Filmed on and off for a decade, with much of the filming crammed into 15 days last Summer, Woliner hired documentarian Jason Tippet in 2017 to bring his fly-on-the-wall style.

“He’ll find a spot and plant the camera and walk away and just kind of roll until something interesting happens,” the director explained to SlashFilm. “So we decided early on to make him that third camera, he’s the part of the process. Sometimes he would just roam around the set and basically follow Paul and be far enough away that people didn’t feel like they were on camera. But everyone on set knew that was the deal, that they were mic-ed and we were recording behind the scenes.”

Goldman had written a book, “Duplicity: A True Story of Crime and Deceit,” about the events, along with a screenplay for a film or TV deal that was ignored by everyone except Woliner.

“Every page had mind-blowing things on it,” Woliner tells MovieWeb. “It’s just kind of an amazing peek into this person’s mind and his experience and his perspective, which in many ways was completely different from my own.

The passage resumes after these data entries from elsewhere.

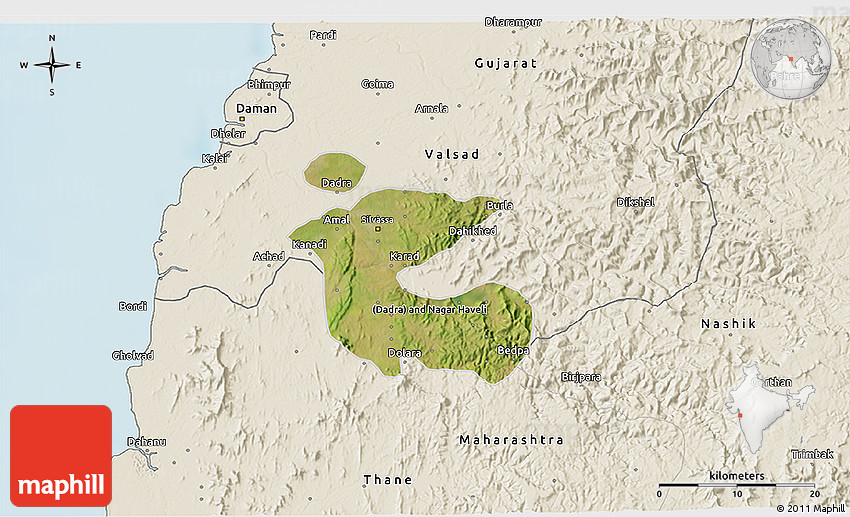 Shaded relief map shows landscape features, such as mountains, valleys and plateaus. Flat areas are smooth on the map, areas with steep slopes and mountains appear more rough. The above map of Dadra and Nagar Haveli was created using a digital elevation model.
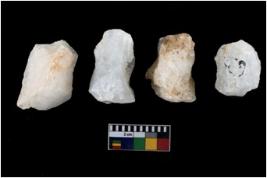 | Description / विवरण | A specimen of a fluted core having few fluted marks before removing of blades form it. It is roughly rounded in shape and white in colour. |
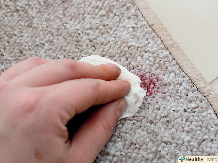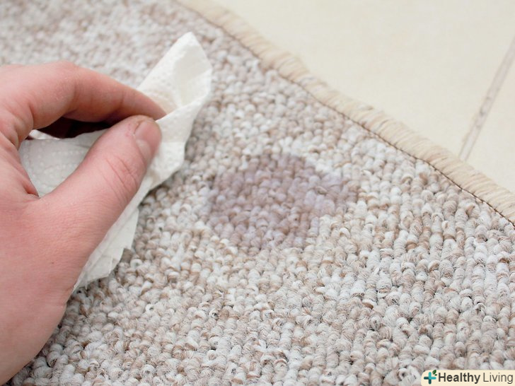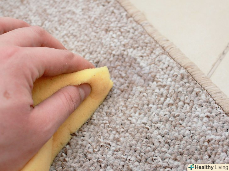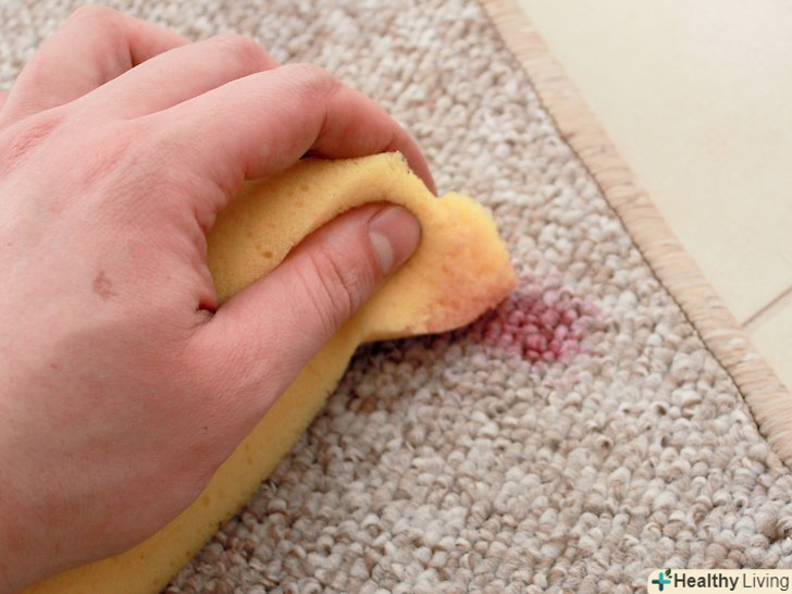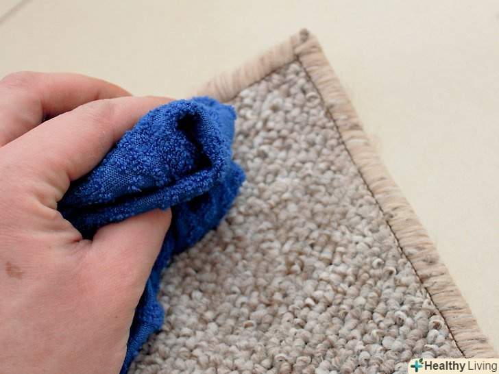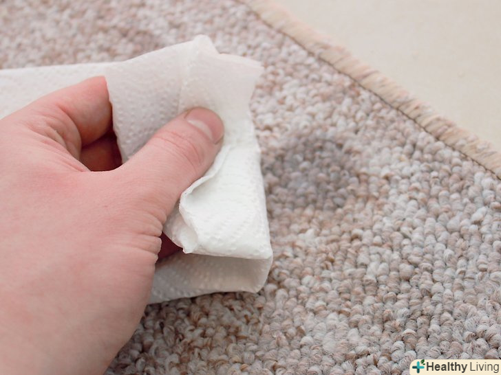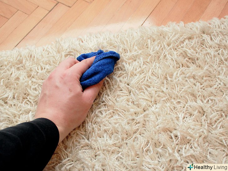 Промокніть пляму вологою ганчіркою. мабуть, найлегше вивести плями від розчинних у воді речовин — часто досить просто промокнути килим мокрою ганчіркою. Це стосується плям від харчових барвників, газованих напоїв, молока, більшості спиртних напоїв і багато чого іншого. [1] для початку змочіть теплою водою ганчірку або паперовий рушник. Міцно притисніть Рушник до плями. Тепла вода вбере частину бруду.- Це краще зробити якомога раніше. Пляма буде важче вивести після того, як воно підсохне.

And then I would find parts of his book that were completely relatable at its core, being about a desire to be loved and lead what you’d consider a normal life.”

Woliner not only decided that he would direct a documentary about his production of Goldman’s story, but that Goldman would write and star in all of it. “It was just like, we are filming his writing, and we’re going to see what it reveals,” he said.

“It really was just this kind of falling in love with his mind and then trying to figure out how to translate that into a series, but in a newer thing that is separate from bad or good.”

A tension, which Woliner was keen to exploit, is about how he as a documentarian (and a director of comedy) is telling the story of Paul telling his story. In his interview with Mahler, he calls the filmmaker the “villain of a documentary,” but admits that the show is ultimately his version.

“It’s me telling the story of him telling his story, but it is all filtered through my own perspective. And at the end of the day, I’m the one controlling the edit and not Paul.”

A documentary filmmaker, he says, is “this person who has descended upon the life of a real person and use their life to explore something, to make a point about the human condition or whatever, but they’re the one with all the power, and there is always an imbalance. I hope Paul is happy with the show. I know if he controlled it fully, it would be a very different show.”